Clonal Heterogeneity in TEL/AML1+ Acute Lymphoblastic Leukemia (ALL): A Clinical Appraisal

Introduction: In TEL/AML1+ ALL, the formation of the fusion gene is frequently followed by clonal evolution, with the acquisition of additional aberrations, some involving the TEL and AML1 genes. The resulting variant subclones often coexist at diagnosis, but the clinical significance of this heterogeneity is unclear.

Patients and Methods: The study included a group of 28 children with ALL, found TEL/AML1+ on interphase FISH. In all cases, 500 nuclei were assessed and all signal patterns indicative of a typical t(12;21) or any deviation were recorded. The patients were treated according to the BFM-95 protocol and followed-up for 5,3 to 101,10 (median 66,40) months.

Results: In 19 cases, a single clone was found. In 12 of them (Group A), the typical pattern was obtained, while in 7 (Group B) there were additional aberrations (deletion of the non-rearranged TEL in 4; fusion duplication in 1; both in 2). In the rest 9 cases (Group C), we found coexistence of two (7) or three subclones (1). Certain variations (i.e. fusion triplication or AML1 deletion) were not seen in cases with a single clone, typical or variant. Epidemiological and biological variables and outcome were comparable between the three groups. However, 8 of the 9 children in Group C had residual disease detectable by flow cytometry on D15, versus only 2 and 1 patients in Group A and B respectively (p< 0,05). One patient in Group A relapsed and subsequently died with the same signal pattern as in diagnosis. There was another relapse in Group C, but the patient entered a second remission on re-induction. Interestingly, in this latter case, involving the only patient with three subclones seen on diagnosis, all three were also present on relapse, at comparable percentages as in diagnosis.
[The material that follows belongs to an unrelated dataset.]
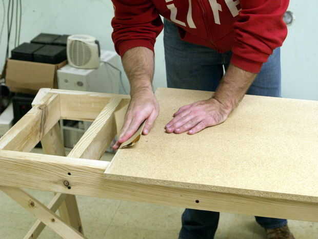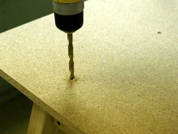Después de esto, volver a voltear el tablero de la mesa y coloque en el lugar correcto. Luego, marque la posición de los tornillos de madera corresponden a la parte inferior del marco, Pretaladre los agujeros, los avellane, y proteger la mesa con tornillos para madera.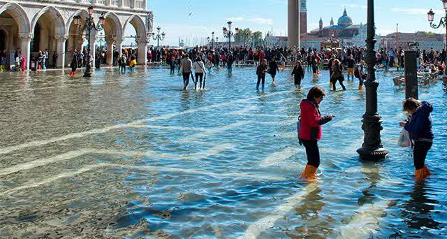 Όταν η στάθμη των νερών ξεπερνά το ένα μέτρο, η πλατεία του Αγίου Μάρκου να πλημμυρίζει συχνά, όπως έγινε και πριν λίγες ημέρες, κατά την διάρκεια του Καρναβαλιού της Βενετίας.

Conclusions: Clonal heterogeneity is frequent in TEL/AML1+ ALL. It is associated with a slower clearance of the marrow on induction but not with the long-term outcome. However, this is unlikely to reflect the presence of a more resistant subclone with regard to additional aberrations of TEL and AML1 genes, since the presence of residual disease on day 15 was seen in similar frequency in patients with a typical t(12;21) and in those with a single variant clone. It is possible that patients with clonal heterogeneity may harbor other cytogenetic abnormalities involving other genes or chromosomes. Further study will be necessary to endorse this hypothesis and, perhaps, identify new pathways in the development of TEL/AML1+ ALL.